I would recommend the authors to check publications from Vítězslav Moudrý's research group, I believe they will find them interesting.
This is an interesting and mostly well-executed work. The authors create "virtual species" by defining what is essentially a fundamental niche. They then use a Poisson point-process to generate presences in the region of choice. Their "virtual species" are defined only by their abiotic niche (i.e., biotic interactions and dispersal are disregarded), which is not too much of a problem, although it would be good to be explicit about this: the authors are modeling niches and applying them to geography, rather than modeling the actual biology of a species (including interactions, and movements). Finally, they sample, realistically over the universe of points created by projecting favorable conditions, and proceed to do ecological niche modeling using GAMs, and AIC for goodness of fit. They compare modeling results for different sampling methods, resolutions etc. The results are clearly presented and explained.

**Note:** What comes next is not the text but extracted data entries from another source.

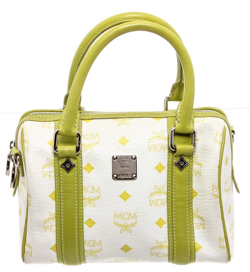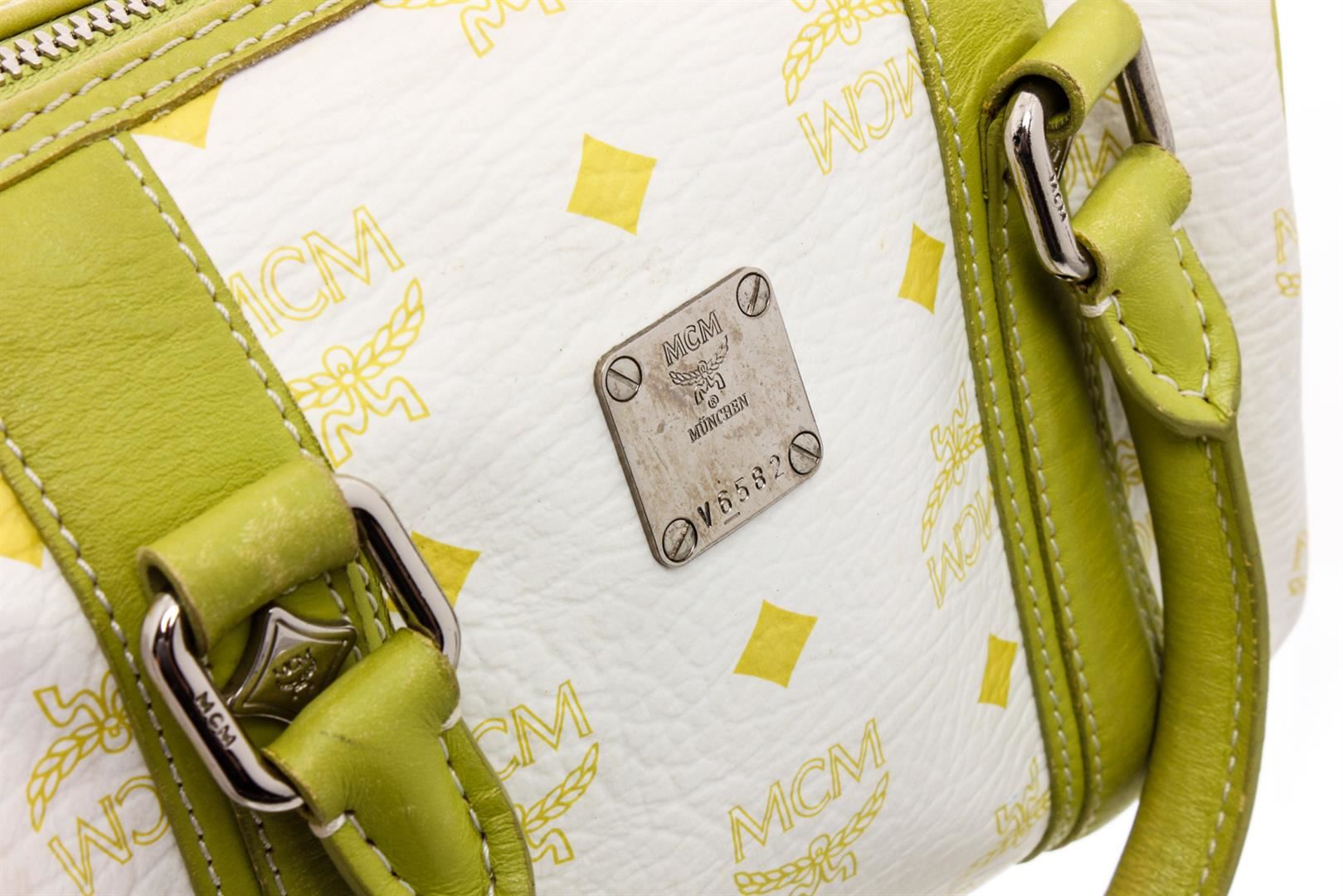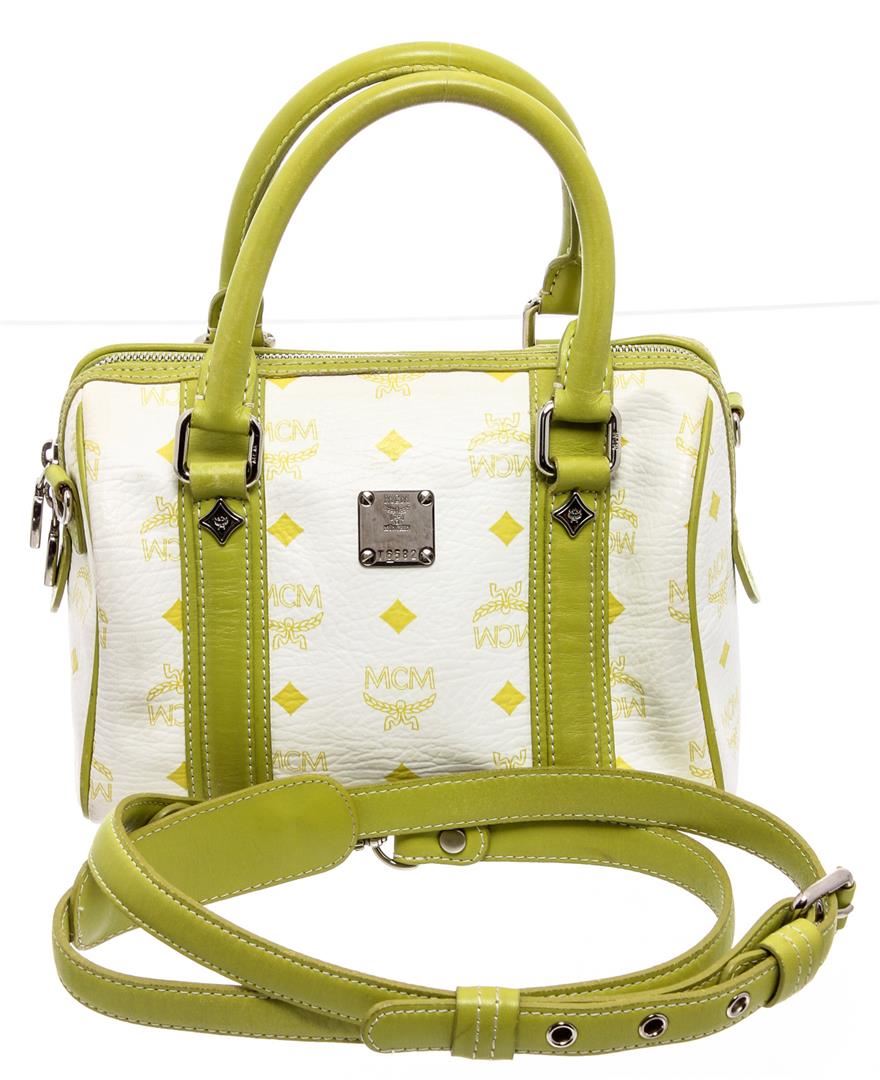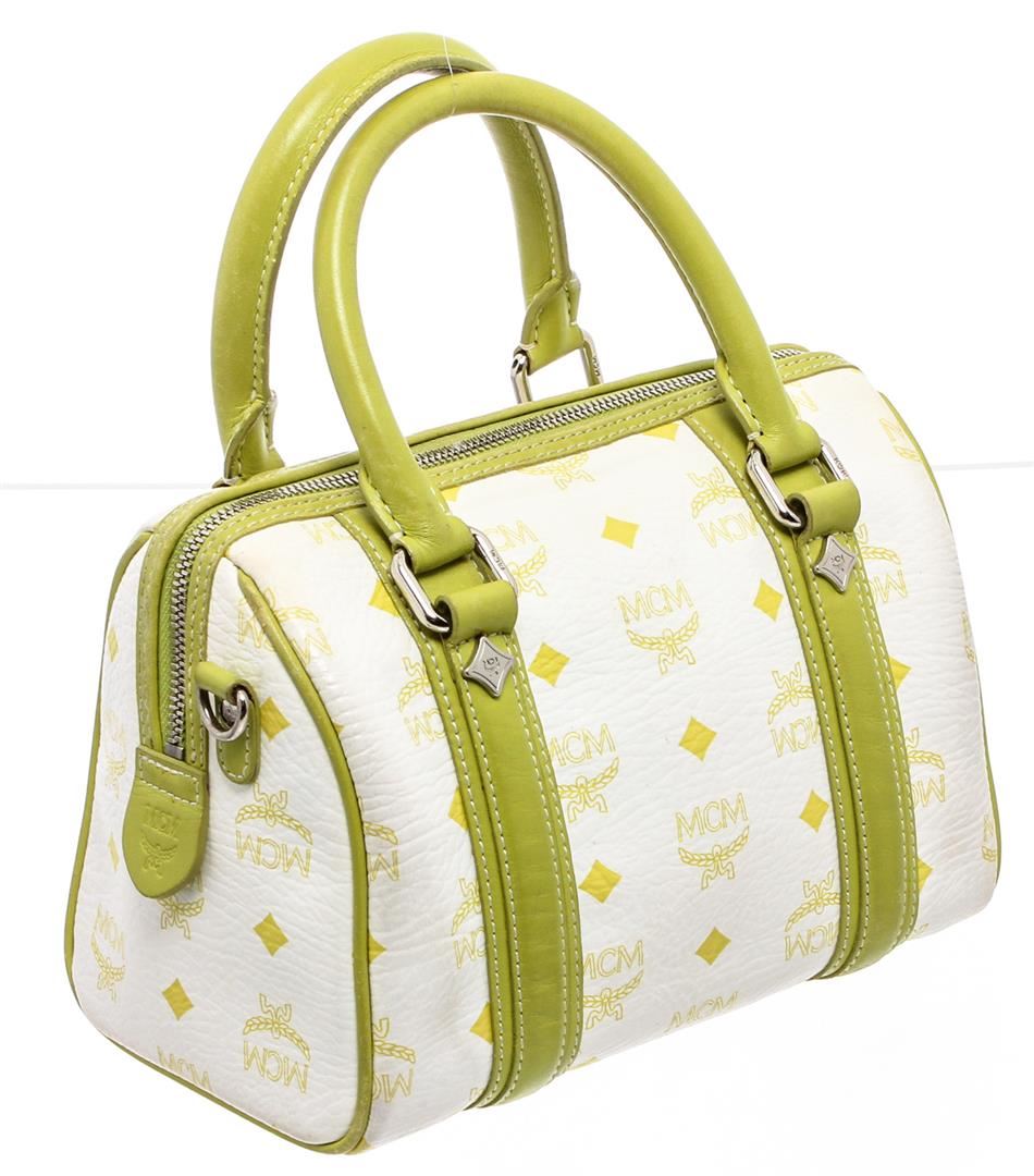 MCM green & white Visetos coated canvas leather Boston bag with silver-tone hardware, dual rolled top handles and optional detachable shoulder strap, logo placard at front, protective feet at base, brown suede interior lining, one interior pocket with zip closure and overall zip closure at top.
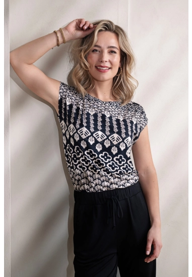 Verkrijgbaar in vrolijke print met de kleuren zwart/wit.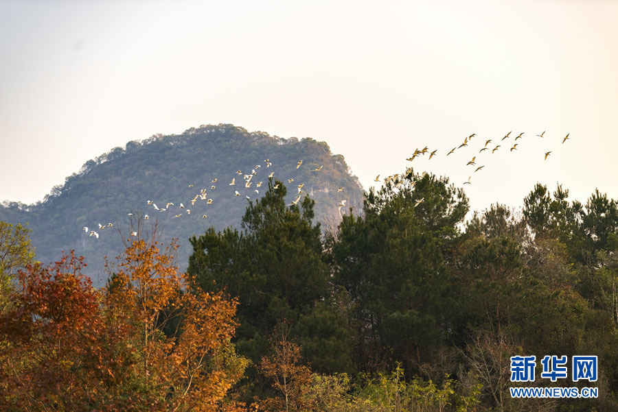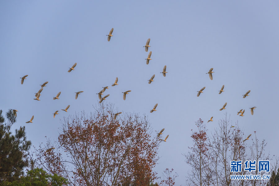日前,在廣西百色市德保縣城關(guān)鎮(zhèn)西讀村那西屯的田野上,成群白鷺或在覓食嬉戲、或在空中飛舞、或在樹(shù)梢停歇,與青山、綠水、紅楓構(gòu)成一幅美麗的自然生態(tài)畫(huà)卷。

I wish the authors refrain from refering to what are projections of niches in geography as "Species Distribution Models" since in reality they are *potential* distribution models, but this is mostly a personal preference, since in the literature the distinction between a *potential* and an *actual* distribution is seldom made. But this is a "virtual species" paper, and one can only imagine that their species has unlimited dispersal capabilities and no significan biotic limitations. Maybe the authors can state this explicitly in the introduction.
I think the preprint should be recommended, despite the fact that, as with many similar attempts, the complexity of the analysis is great, and one is always left with the question of whether there are general lessons, or the results are artifactual, and how general they are. Nevertheless, the work deserves publication if only because of the stress in the importance of scale of the variables. I believe the authors are basically illustrating that the "Modifiable Areal Unit" problem, that has bothered geographers for the last hundred years, matters when modeling niche-based distributions (see Jelinski DE, Wu J. 1996, The modifiable areal unit problem and implications for landscape ecology. Landscape ecology.11:129-40).